MDS is characterized by profound cytopenias due to ineffective hematopoiesis resulting in a significant decline in quality and quantity of life. Life expectancy in a newly diagnosed MDS patient varies from a couple of months to ten years. MPNs are a group of related hematological disorders characterized by the excessive formation of mature blood cells. Both MPN and MDS have a tendency to transform into acute myeloid leukemia (AML), which significantly worsens the prognosis of the disease. Most commonly, these diseases are diagnosed in patients over 50 years of age and familial predisposition should be suspected in patients acquiring the disease in early adulthood or in childhood.

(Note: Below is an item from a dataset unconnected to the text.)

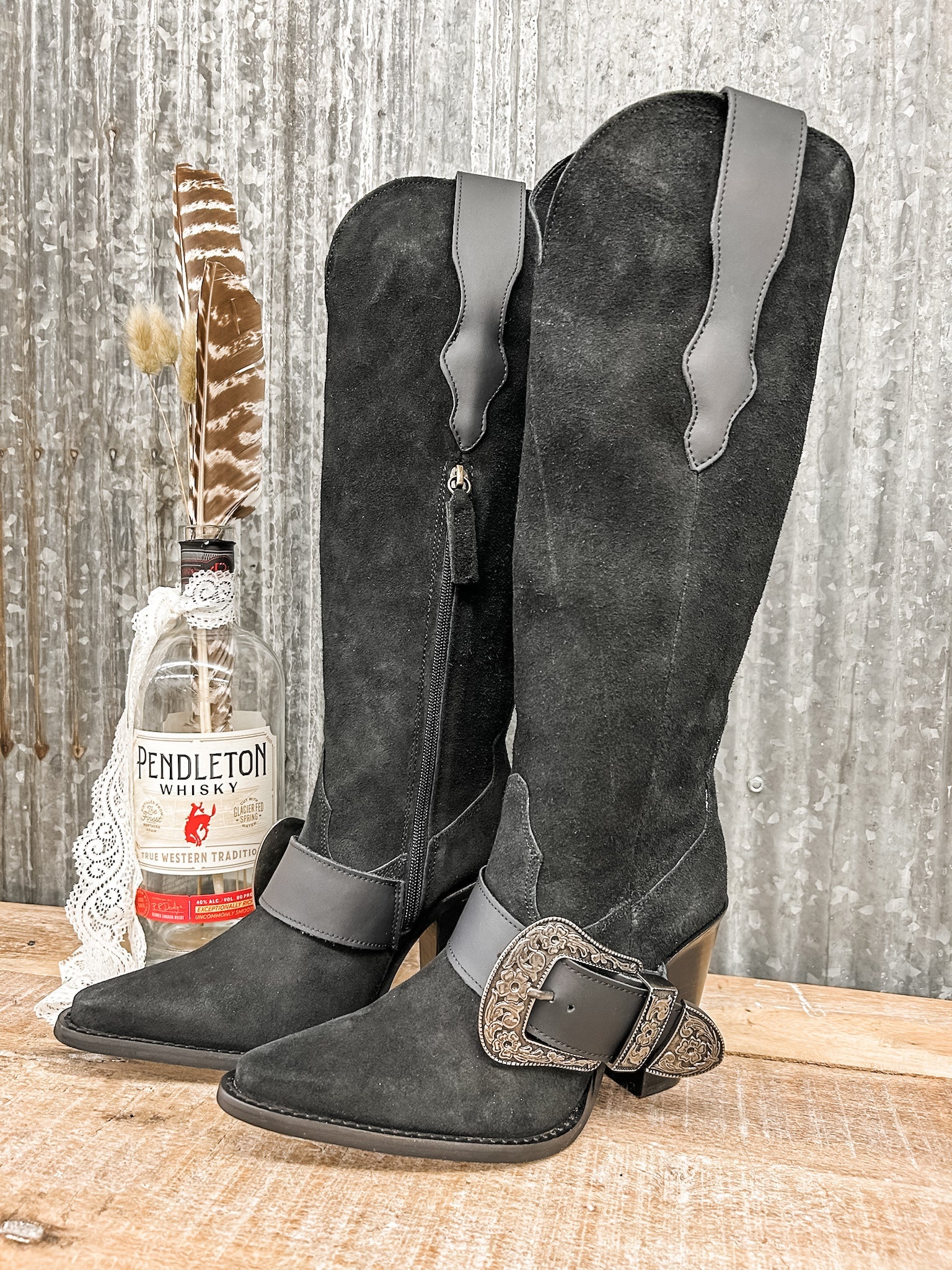 The Dingo Yeehottie Boot is a knee-high suede Western boot designed for bold outfits and confident styling. The 3.25-inch heel gives you height without feeling extreme, and the cushioned insole keeps it comfortable enough for long events, concerts, or nights out. The inside zipper makes them easy to get on and off (no wrestling with tall shafts), while the side buckle adds that standout detail.

ALs, in turn, consist of a group of hematopoietic neoplasms involving patients of all ages. Cancer cells, namely blasts, reside in the patient’s bone marrow and are characterized by an impaired capacity to develop into mature myeloid or lymphoid blood cells. Depending on the age and performance status of the patient and subtype of the disease, acute leukemias lead to death in 10-80% of cases despite the given anti-cancer therapy. Ascertaining pathological events occurring in hematopoiesis also uncovers the path to understanding normal physiological processes in blood cell development.
Already today, the detection of germline mutations also affects the mode of therapy e.g. timing of stem cell transplantation and selection of the donor. Knowledge of the prevalence of mutations, their penetrance and effects on the clinical phenotype is also a prerequisite for successful genetic counseling. In addition to dominant high-penetrance mutations, relatively common genetic variations may contribute to tumorigenesis.
The aim of our research is to understand how inherited and acquired genetic factors contribute to the development and clinical course of hematological malignancies.